Have you looked at the Picard Documentation web site?

Sophist…I think I have started doing just that by hitting F1. Yes, it does look excellent, and I’m just starting to read and understand it.

If you’re despairing and want to be walked through in person I can do.

aerozol…a very generous offer. I would like to learn as much as I can on my own, and if I get stuck on anything complicated I’ll get back to you. Thanks.

Little tip - experiment first with some copies of your files.

Ivan…that’s exactly what I’m doing, so I can recover from blunders.

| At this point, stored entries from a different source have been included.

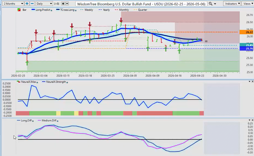 So I don’t really have to have that on my chart because I can see it right there. Now, the long-term trend is still up. Neural index and neural index strength are both pointing up.
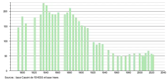 L'évolution du nombre d'habitants est connue à travers les recensements de la population effectués dans la commune depuis 1793. Pour les communes de moins de 10 000 habitants, une enquête de recensement portant sur toute la population est réalisée tous les cinq ans, les populations de référence des années intermédiaires étant quant à elles estimées par interpolation ou extrapolation[20]. Pour la commune, le premier recensement exhaustif entrant dans le cadre du nouveau dispositif a été réalisé en 2004[21].
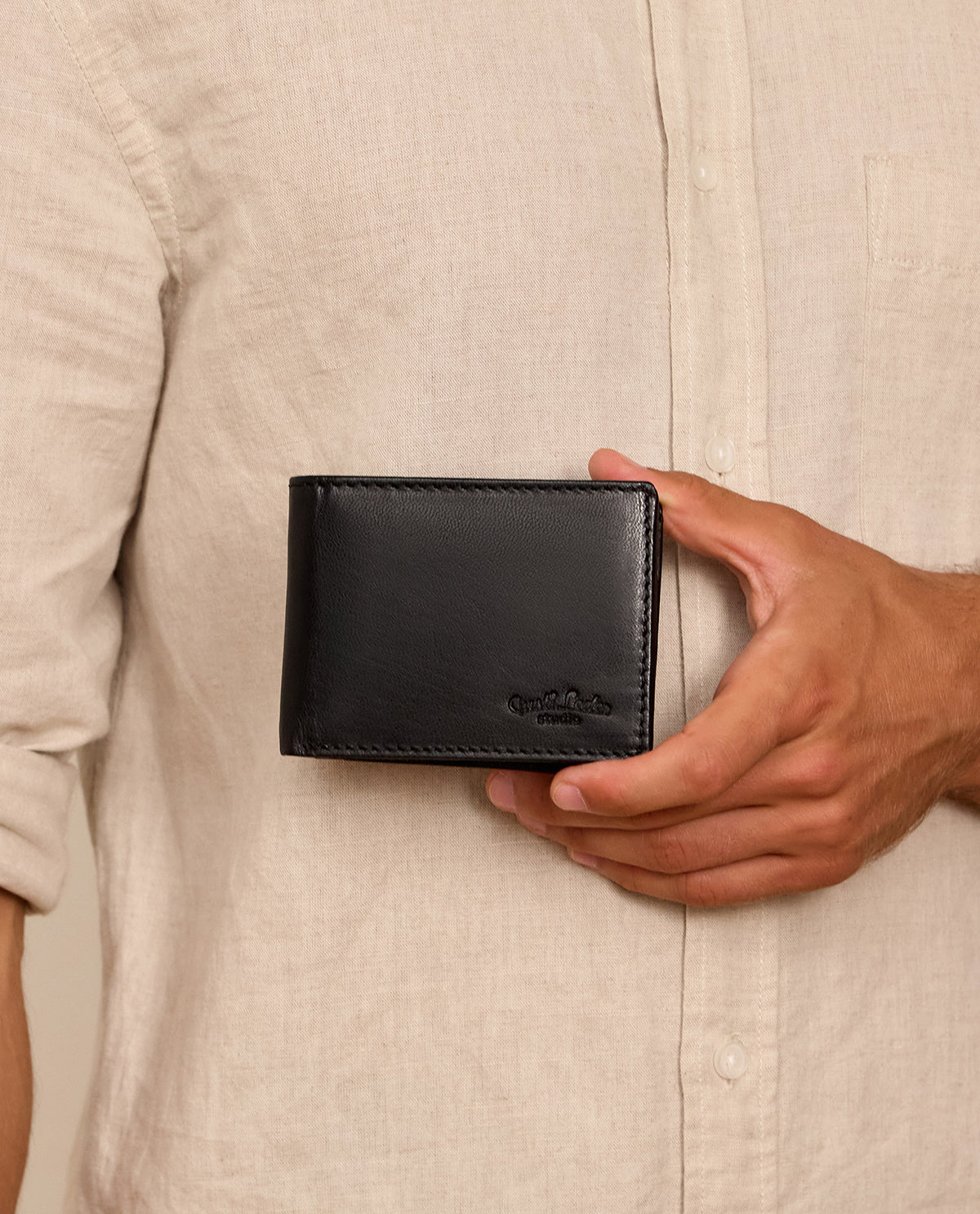 “Lewi” is the perfect place to keep your cash. This cool vintage leather wallet is the perfect companion for fashionable guys everywhere. He's made of high-quality cowhide leather, which makes him particularly sturdy. You can take on anything life throws at you with “Lewi”. He helps you handle the stress and makes sure you always look good. Is there anything more stylish than a sleek wallet? “Lewi” exudes classic and casual retro charm that never goes out of style.
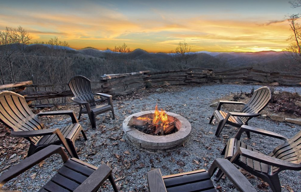 Everyone can sit around the outdoor fire pit as the sun sets to roast s'mores or fire up the grill to whip up some hot dogs with the Bob Ross-Esque skyline as your backdrop.
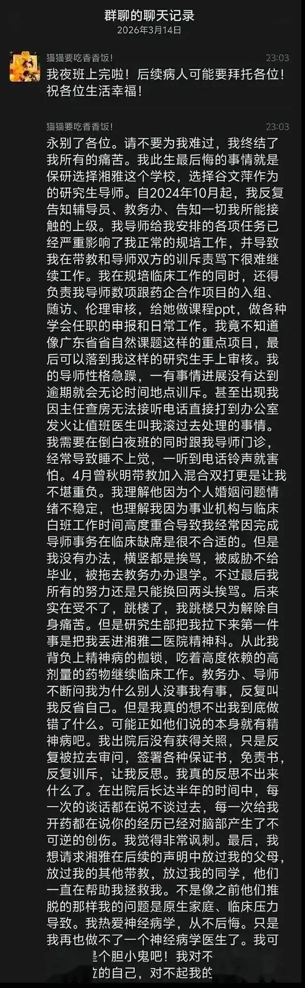 湘雅研究生自杀后续:很漂亮,跳江前遗言直指导师
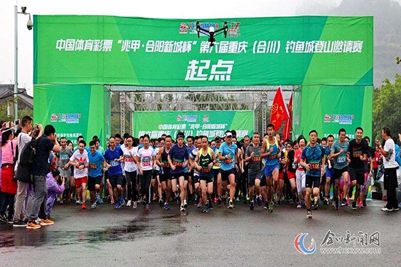 9月9日上午,中国体育彩票“兆甲·合阳新城杯”第六届重庆(合川)钓鱼城登山邀请赛在钓鱼城奇胜门游客中心拉开帷幕。来自重庆市级部门的48支代表队和合川区级部门的61支代表队以及公开个人组共计1000余名运动员云集江城开展比拼,感受运动快乐,展示自我风采。
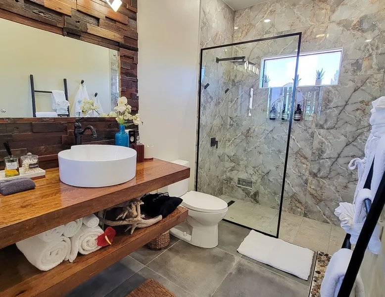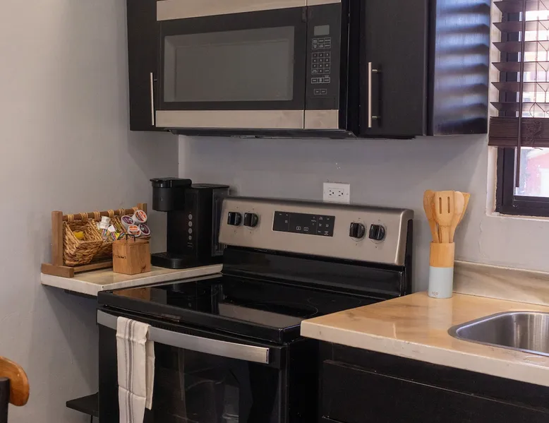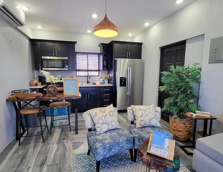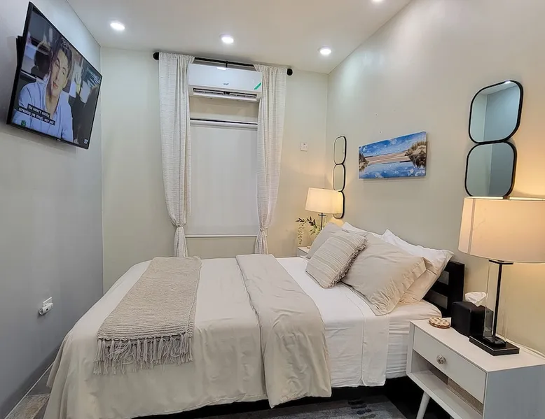 Escape to a peaceful, stylish hideaway made just for two. Whether you're working from paradise or simply pressing pause on everyday life, this villa is your romantic, relaxing Caribbean escape. This romantic villa offers everything you need to unwind — and stay productive if you're working remotely. Wake up with the sunrise, enjoy your morning coffee in the garden, and end your day with a soak in the shared hot tub or a glass of wine under the stars on the roof top. The space Welcome to your serene coastal escape located, in a private gated community Stonebrook Estates, Falmouth, Jamaica which is 10 minutes away from the Georgian Historical Capital of Falmouth. This 1-bedroom, 1-bathroom apartment is designed to provide you with a tranquil and comfortable retreat, making your stay truly exceptional. ⭑BEDROOM⭑ The bedroom features a comfortable bed designed to provide you with a restful experience. Beyond the hotel-like comfort, the room is thoughtfully furnished with everything you need for a perfect night's sleep. Bedroom Suite ✔ Queen-size bed with Pillows Linens and Sheets. ✔ Closet with hangers. ✔ 2 night stands with lamps. ✔ Small Bistro Table w/ 2 chairs. ✔ 55” TV with Netflix included. ✔ Air conditioner, and ceiling fan. ✔ Room-darkening shades. ✔ Digital in-room safe ✔ Bluetooth Speaker with Alexa System ✔ Sound Machine. ✔ USB Ports ✔ Blanket ✔ Luggage Rack ✔Attached Bathroom. ✔ Full-length mirror. ✔ Beach towels. ✔Compimenatry travel-sized toiletry ✔ Iron board, lint remover and steamer ⭑BATHROOM⭑ Our modern, spa-like bathroom offers the perfect water pressure for an enjoyable and relaxing bath experience. En-suite Bath ✔ Equipped with/ Rain effect shower ✔ Solar and electric water heater. ✔ Mirror ✔ Sink Vanity ✔ Bath Robes ✔ Towels ✔ Toilet ✔ First Aid kit ✔ Makeup rag ✔ Toothpaste ✔ Body wash shampoo and conditioner. ⭑LIVING ROOM⭑ The living room is designed with spacious comfort in mind, offering a perfect space to sit with loved ones. ✔ Two comfortable side chairs with pillows ✔ Comfortable Sofa with Pillows ✔ 55" Flat Screen TV with Netflix ✔ Air-conditioned space. ✔ Coffee table ⭑KITCHEN & DINING AREA⭑ Our open-concept kitchen and dining area provide the ideal space for sharing meals, whether you choose to dine indoors or on the private patio. The fully stocked kitchen comes equipped with all the essentials to make you feel right at home. Kitchen ✔ Keurig coffee maker ✔ Blender ✔ Tea kettle ✔ Smoothie maker ✔ Microwave ✔ Stove ✔ Oven ✔ Refrigerator/Freezer ✔ Sink- Hot; Cold Water ✔ Baking Trays ✔ Silverware ✔ Pots & Pans ✔ Pyrex Dishes ✔ Tupperware ✔ Table w/ 2 chairs located in the kitchen ✔ Cooking basics (oil, salt, pepper) and much more ⭑OUTDOOR SPACE⭑ Step out onto your private balcony and enjoy the serene surroundings of this vibrant Jamaican living, or opt for a coastal and mountainous view perfect for morning coffee or an evening under the stars. ✔ Garden gazebo ✔ BBQ grill with all the necessary utensils. ✔ enjoy our seasonal herbs & veggies from the garden ✔ The backyard offers a great space for outdoor activities, while beach access is just a 6-minute drive away for those who love the sea. ⭑ADDITIONAL AMENITIES:⭑ Other than the already mentioned amenities, our home is also equipped: ✔ Air conditioner in every room ✔ Room-darkening shades ✔ Bluetooth, a sound machine, and Alexa system ✔ Dedicated workspace equipped with several USB ports and outlets. ✔ Flat iron & blow dryer. ✔ Steamer, lint brush remover, and an ironing board. ✔ Washer and dryer in the building ✔ Books and reading material ✔ Board games ✔ Beach towels, sun loungers ✔ Cleaning products ✔ Cleaning is available during your stay at an additional cost. ✔ High-speed Wi-Fi (over 102 Mbps) ⭑SAFETY & SECURITY⭑ The gated community offers a secure and peaceful environment, perfect for leisurely walks. ✔ ID required for entry at security gate. ✔ Lockbox for self-check-in ✔ Located within a gated community ✔ Smoke detectors ✔ Carbon monoxide detectors ✔ Fire extinguisher. ✔ Lock on the bedroom door for added privacy ⭑PARKING & FACILITIES⭑ ✔ Free driveway parking for 3 cars. ✔ Free street parking available. ✔ The home is a two-story with stairs. ✔ Private entrance for easy access ✔ Washer and dryer in the building ~ 7+ stay required. ⭑SERVICES⭑ We’re taking the greatest cleaning precautions in today's pandemic era by doing one-day turnovers to ensure the utmost safety of every single guest. ✔ Self-check-in process for your flexibility ✔Luggage drop off is allowed for guests with early arrival or late departure. ✔ Babysitter recommendations available ✔ Mandatory weekly cleaning fee of $45 for long-term stays, along with a linen change ✔ Daily housekeeping services can be arranged for an additional charge for short stays. ✔ Long-term stays of 28 days or more are permitted This island gem is perfect for couples or solo travelers seeking a serene getaway just minutes from the beach. Not sure if our space meets your specific needs? Message us directly—we typically respond within an hour and can provide additional details or photos Guest access The top floor of the villa is your own private oasis with a private, well-lit entrance and parking for three cars. Enjoy keyless entry system with unique codes generated for each reservation. Villa on the Rocks is the perfect place to create lasting memories. Other things to note Important Notice for Guests Without Prior Trips or Reviews Please be advised that a refundable security deposit of $300 USD is required for all reservations made by guests who do not have any prior trips or reviews on their profile. The deposit is due at the time of booking or no later than four (4) days prior to check-in, whichever comes first. Failure to provide the required deposit wit
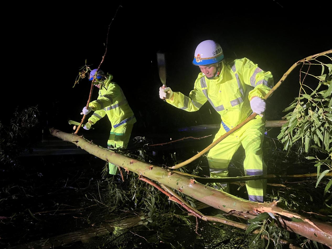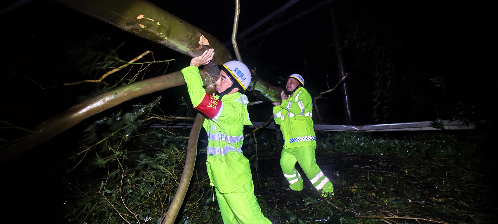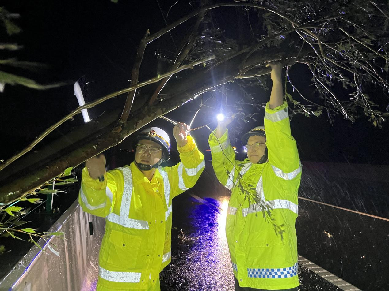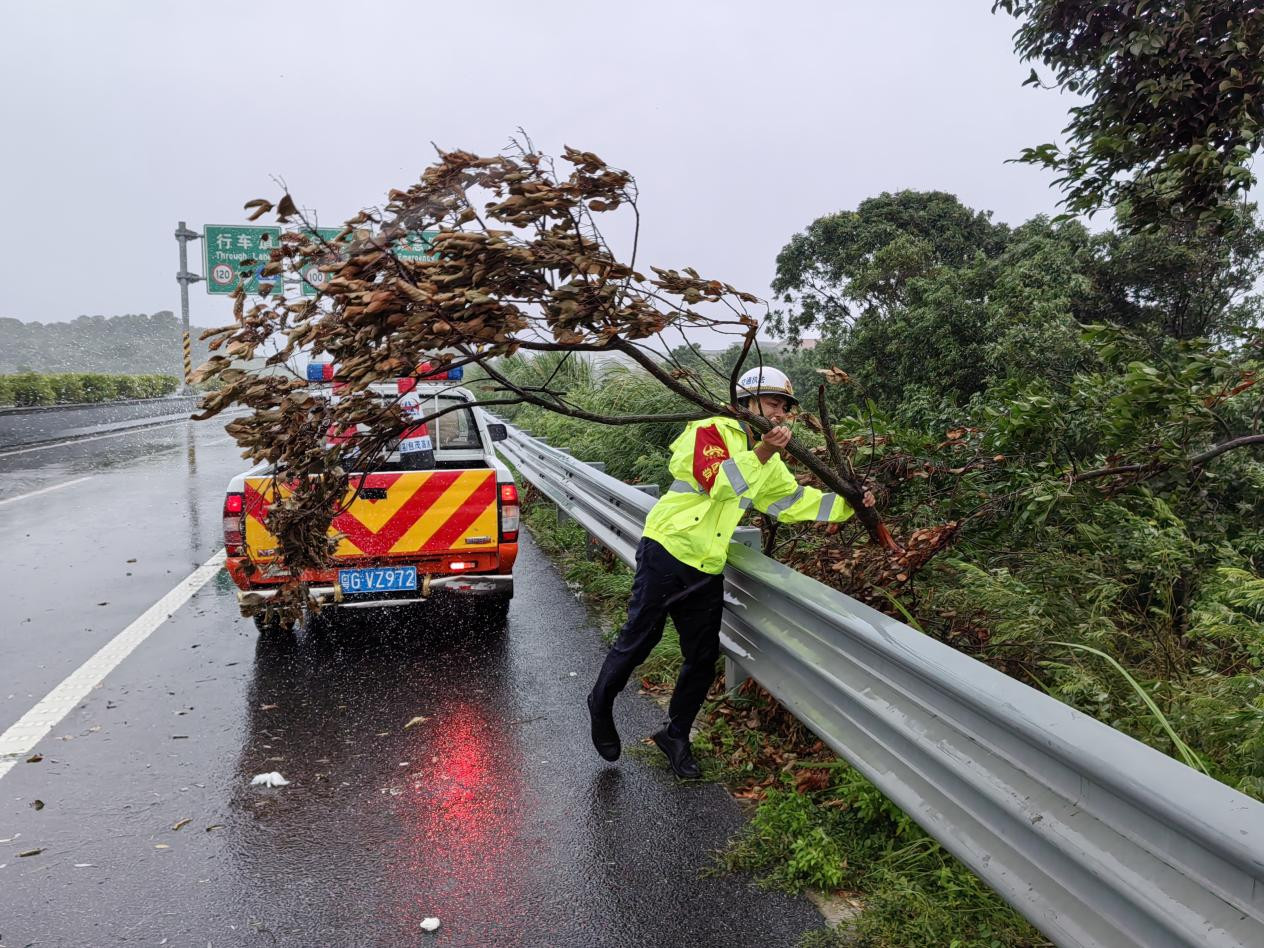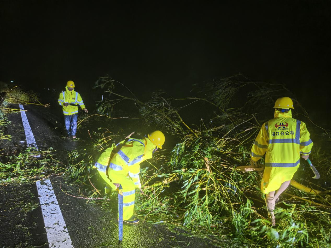 渝湛、湛徐高速抢险队员清理倒伏树木
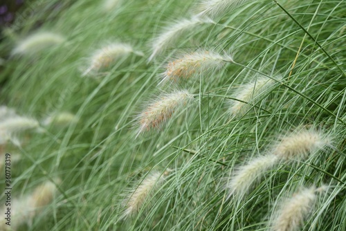 Pennisetum villosum is a Poaceae perennial plant that produces beautiful scenery with cool white ears from summer to autumn.
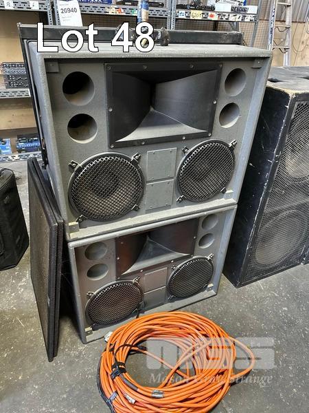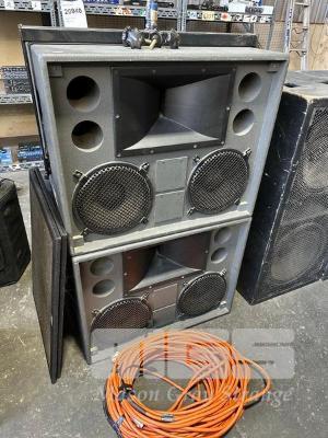 2 x JBL SOUND POWER SERIES, DUAL 12", JBL SPEAKER 2204, 2" COMPRESSION DRIVER, 2445 WITH BRACKETS & CABLES
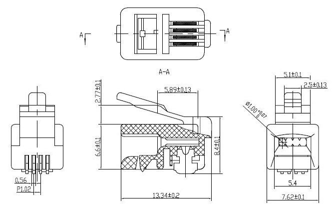 Neekranēts 4P4C spraudnis montāžai uz plakaniem telefona kabeļiem Plakana
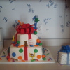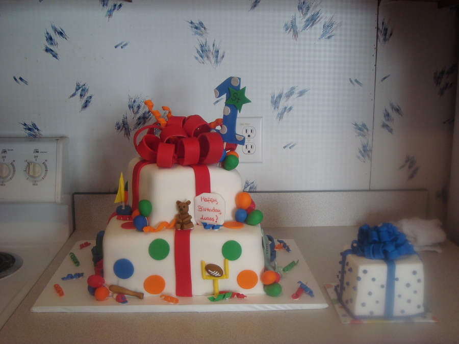 This was for a boys 1st Birthday .10 in. & 6 in. vanilla & buttercream, w/ 4 in. smash cake. This was my first time making a square cake and a first time for stacking a cake. Could not find (in time crunch) a 6 in. pan or 4 in. so I had to cut out of 8 in. Was not fun! I am happy with how it turned out. Any constructive criticism is welcome. TFL
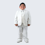 Boy's husky white suit 5-piece set. Husky Fit. Set includes: coat, pants, vest, dress shirt, and necktie. High quality boys suit. Made of exceptional Poly/Rayon blend fabric (65% polyester, 35% rayon). Perfect for weddings, parties, or any other formal event. Product should be dry cleaned. Notice: The husky suits tend to run a little big, please be sure to reference the sizing chart before placing your order. You can find the tab "Sizing Chart" above this product description. Add optional boys black tuxedo shoes or find shoes here.

So, a little of what I’m trying to do:
(1) I have a rather small library (1063 songs) that are 70% ripped from CDs that I own and still have (e.g. Hotel California by the Eagles). 25% are ripped from compilation-type CDs that own and these have various artists (e.g. 1997 Grammy Nominees). And then there are a few cats and dogs that I’ve come across not related to an Album–they’re just song files.
(2)I have removed iTunes and all its folders from my computer, after I did something that made a real mess for me to clean up. 'Nuf said.
(3) My target use for the MusicBrainz Picard library is a SONOS system (5 zones). When you use that system, you designate a “Music Library Folder” on your computer or NAS and it “Indexes it”, meaning that it gives you a view of the music by either Artist, Album, Songs, etc. I presume it’s using the metadata to do that, since the Music folder is organized with subfolders by Artist. The SONOS app will accept “exported playlists” in .m3u format, as long as the playlist file pointers are correct for the target library. I’ve written a Visual Basic app to correct all that.
The SONOS app also displays art embedded in the song file for each song as it plays.
(4) So everything is working well for the 70% “single artist” Albums, it displays the Album cover that’s embedded in each song. For the compilation albums I would like to display a unique artist picture while the song is playing, and still maintain the compilation album cover art if that’s possible. And finally, I would like to assemble the cats and dogs into a home-brew album with unique art for each song file, and a different album cover art.